Time for another installment of “Ask the Anarchist Reverend”! As always, feel free to email, tweet, or leave a comment to ask your own question.
What is different about the reasons Christianity uses to condemn trans folks than GLB folks?
Thank you for asking this question. It really annoys me when people talk about the “clobber passages” about LGBT people and then only talk about the ones that deal with being LGB. There are different issues at play here.
First, I want to recommend the book “Trans-gendered: Theology, Ministry, and Communities of Faith” by Justin Tanis. His is the absolute BEST 101 book about trans* issues and the church. He covers what I’m about to outline in much more depth.
There are two major differences between Christian condemnation of GLB people and trans* folks (even though, honestly, the whole community is often lumped together and these distinctions aren’t made).
* There are the different “clobber passages” (7 against GLB folks, 1 against trans* folks)
There is only one passage that seems to point to displeasure with transgender people, and it has to do with clothing. Deutoronomy 22:5: Women must not wear men’s clothes, and men must not wear women’s clothes. Everyone who does such things is detestable to the Lord your God. (CEB) This passage is found in the purity codes. One could make the argument that in these times the lines between “men’s” and “women’s” clothing is blurred to be pretty much meaningless. One could also make the argument that as a transgender man it would be against my nature to wear women’s clothing and so therefore I am abiding by the command. One could also say that whatever gender you are, wearing clothing makes that clothing belong to your gender (hence a man who chooses to wear a skirt is wearing men’s clothing because he is a man). You can do a lot with this one passage.
* There is also the difference between identity and behaviour. Now this gets a little dicey: I don’t mean to say that GLB identity is simply about behaviour (because it’s not) but in the narrative of Christian anti-gay rhetoric that’s what it comes down to. One could technically be GLB and not sinful so long as one didn’t act, sexually, on their feelings (so the story goes). For trans* folks it’s not about sexual behaviour but about intrinsic gender identity.

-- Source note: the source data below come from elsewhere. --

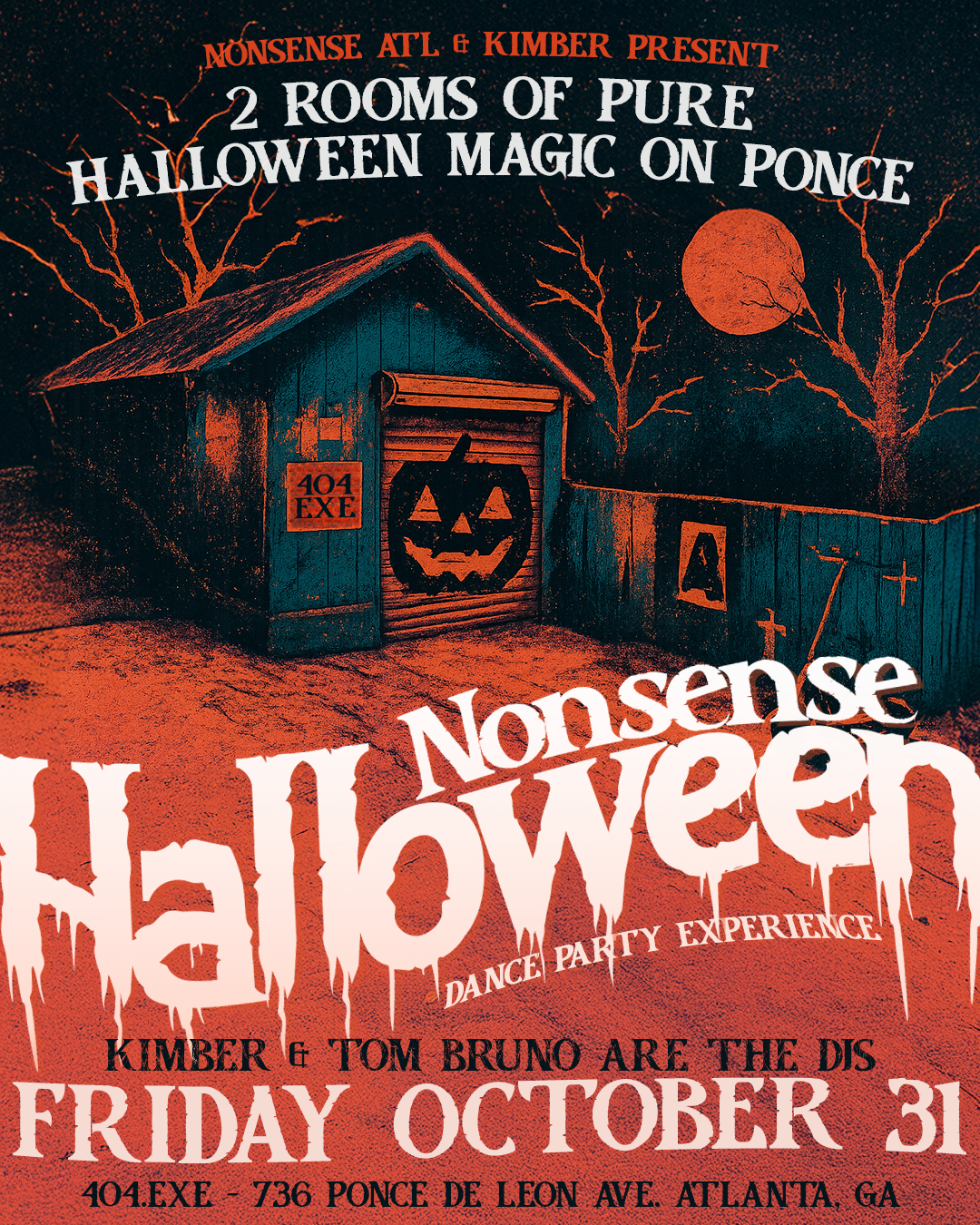 NonsenseATL presents The Nonsense Halloween Dance Party Experience. Two rooms of Halloween magic on Ponce — dancing, friends, weird activities, ridiculous prizes, creepy surprises & SO much fun. Let's go!
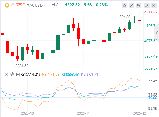 周二亚盘,黄金徘徊在4222.32附近。随着美国美联储(Fed)可能在12月降息的猜测日益加剧,贵金属价格略微上涨。交易员们等待周二晚些时候公布的美国ISM制造业采购经理人指数(PMI)11月报告。
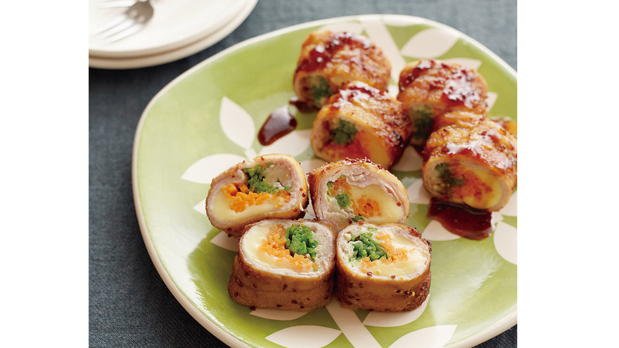 ド~ンと大きく巻いちゃう肉巻き。焼くと中のチーズが溶けて、具をまとめてくれるから食べやすい。おつまみ、お弁当にもおすすめです。
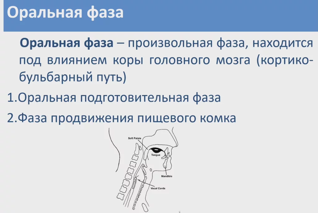 Оральная фаза произвольная, находится под влиянием коры головного мозга и в ее реализации участвует так называемый кортико-бульбарный путь.
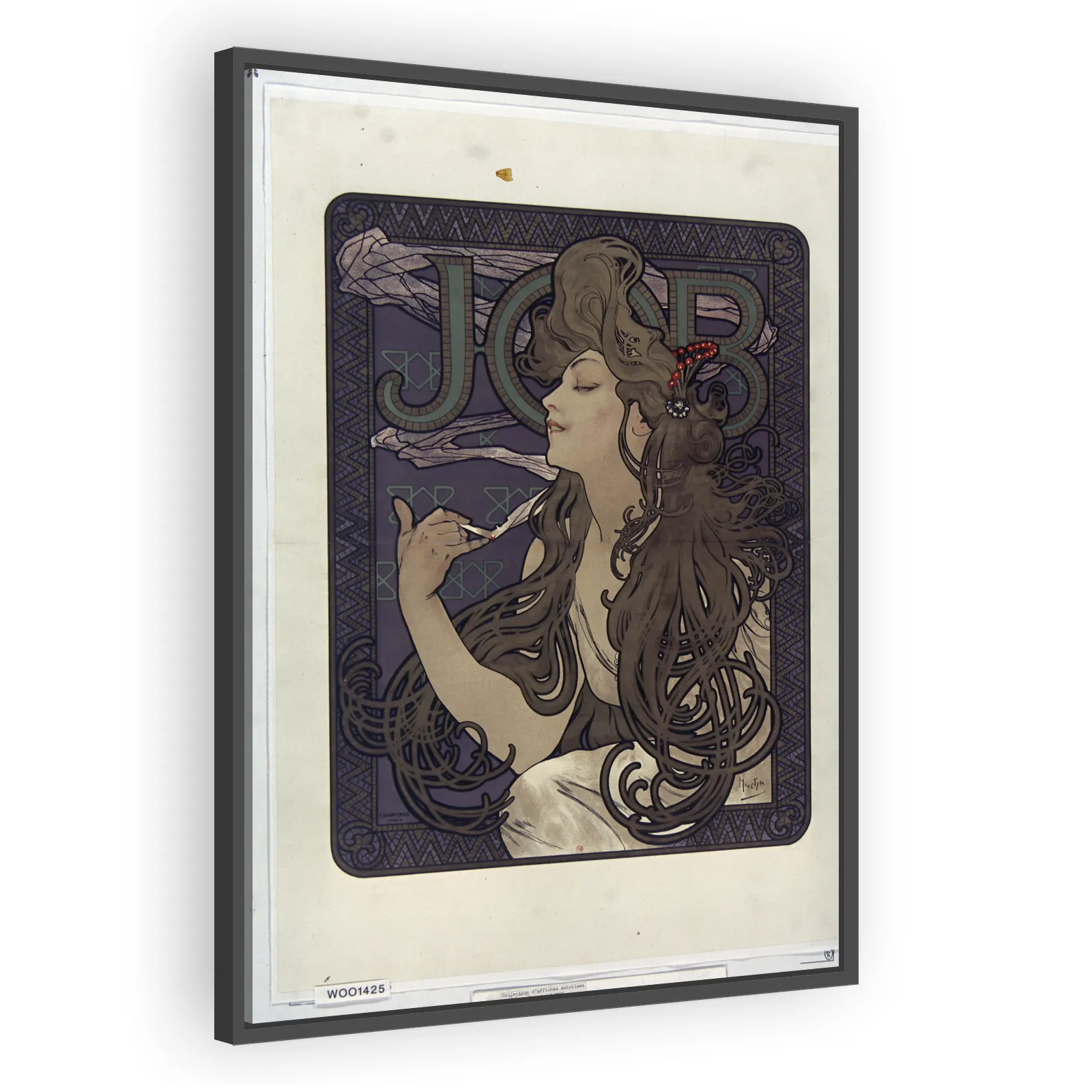 Alphonse Mucha's 1896 advertisement for Job cigarettes exemplifies the Art Nouveau style—ornate linework, elegant female figure and decorative typography—bridging fine art and commercial poster design...
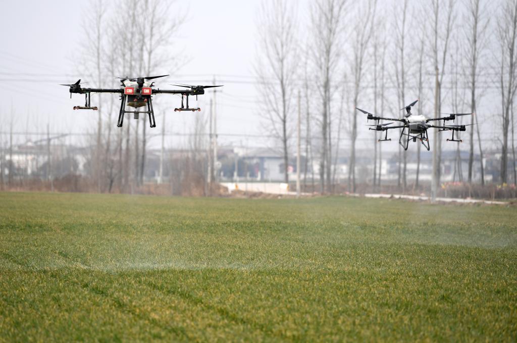 2月11日,无人机在安徽省亳州市谯城区赵桥乡“无人农场”喷洒除草剂。新华社记者 刘军喜 摄
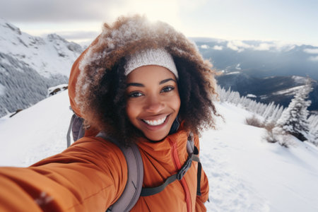 Happy woman posing for winter selfie on a ski resort. Sport and healthy lifestyle concept. AI Generated
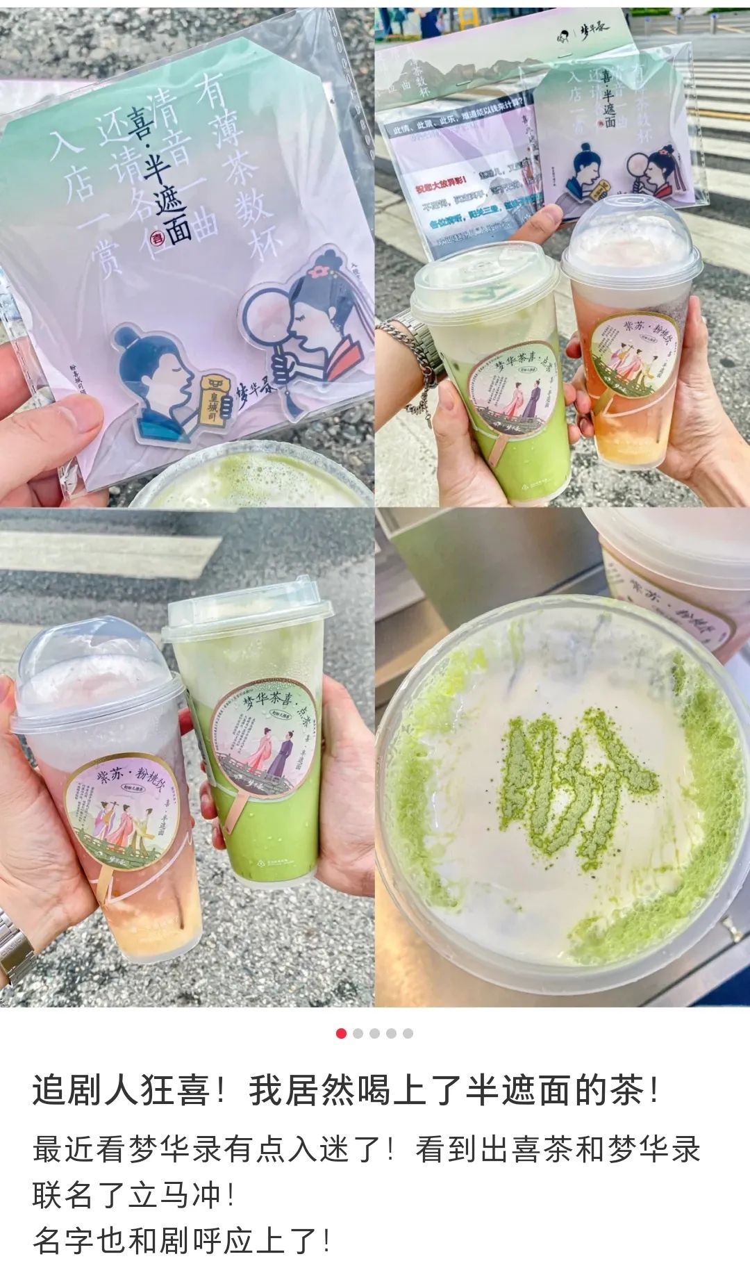 早在喜茶官宣聯(lián)名之前,就有觀眾、媒體等將兩個IP聯(lián)想到一起,《夢華錄》中趙盼兒開“半遮面”茶館的營銷方法,還被戲稱為“喜茶”套路。
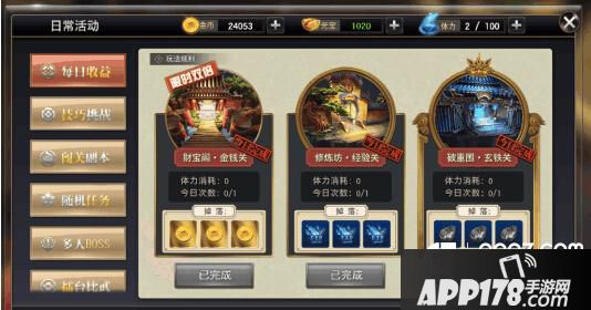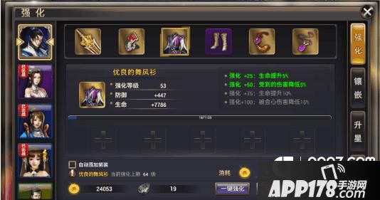 每个人物身上都有6件装备,首先我们可以通过闯关将这6件装备刷成金色装备,因为升级金色装备的战斗力提升很大,当然我们也不能只升级人物而忽略侠客的装备,如果有体力不要浪费,有就拿来扫荡,一阶金色装备只要20个碎片,全部刷成金色一点也不难,花时间每天扫荡或闯关即可,强化达到指定的等级还有额外的属性加成,所以一点体力也不要浪费,升级还需要两样东西,玄铁和金币,玄铁可以通过每日收益和闯关得到,多闯关总没错,再次强调,全部把装备刷成金色对战斗力提升非常大。
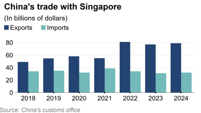 外媒asia times今年7月份报道,新加坡仍然是中国最大的外国投资者和战略合作伙伴,在苏州工业园区和重庆互联互通等项目中发挥着重要作用。
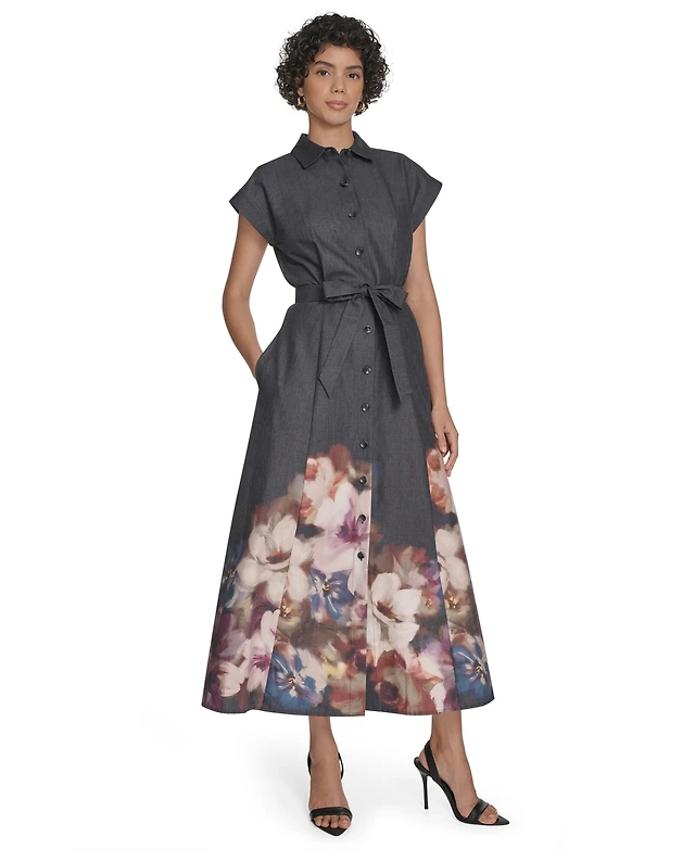 Calvin Klein Plus Printed Short Sleeve Shirtdress

This line does get blurred a bit when Christian folks deny the gender identity of a trans* person and then accuse them of same gender sexual behaviour. (For instance if I, as a transgender man, had a relationship with a woman a Christian might say that I am in a lesbian relationship.)
So that’s a basic overview of the condemning passage.
But really, is this conversation helpful? If someone has an issue with trans* people, is my explanation of the ONE verse that seems to condemn transgender people really going to change their mind? I think not. Especially since we have been debating those seven clobber passages about GLB people for at least 30 years now and the debate is still just as heated.
Here’s what I think debating these passages does allow: It allows us to stay at a 101 level. It allows us to get caught in semantics and definitions of Greek and Hebrew words and allows us to continue to deny that we are talking about actual people with actual feelings and actual lives. It allows us to never move past this defensive posture of sin and apologetics. And so we prooftext and argue and accuse and waffle. We bring out people who can debate both sides. We try to build bridges between different communities. This isn’t a helpful conversation.
As my friend Brian says we queer folks don’t have time for cheap theology. And this proof texting is cheap theology at it’s worst. If you want to know what these passages say, read Justin’s book and then let’s move on.
Instead here’s what I think is a helpful conversation: As we read throughout Scripture there is a large number of affirming passages for trans* and gender non-conforming people. We find righteous women warriors, a wonderful passage in Isaiah about Eunuchs being given a name and a family, Jesus’ words of affirmation towards Eunuchs, the man carrying a jar of water in the Passion narrative, the Ethiopian Eunuch in Acts, and much more. There is ample evidence that people who don’t conform to gender norms are not only accepted but celebrated throughout the Scriptures.
There is also a lot of room to read trans* experiences into Scripture. You can see the work I’ve done with this by reading my trans* Passion narrative.
Check out Peterson Toscano’s “Transfigurations” to see even more gender rebels throughout Scripture.
(ps: my mini-rant in the middle of this post is not aimed at the person who asked this question, instead it is aimed at all of the folks who keep this conversation in the 101 realm and refuse to allow it to move from there. It is all of the speakers who continue to travel around debating “clobber passages” from any stage that will have them. It is the people who refuse to do their own research and who want queer folks to explain it to them “just one more time” (for thirty years). It’s time to move on.)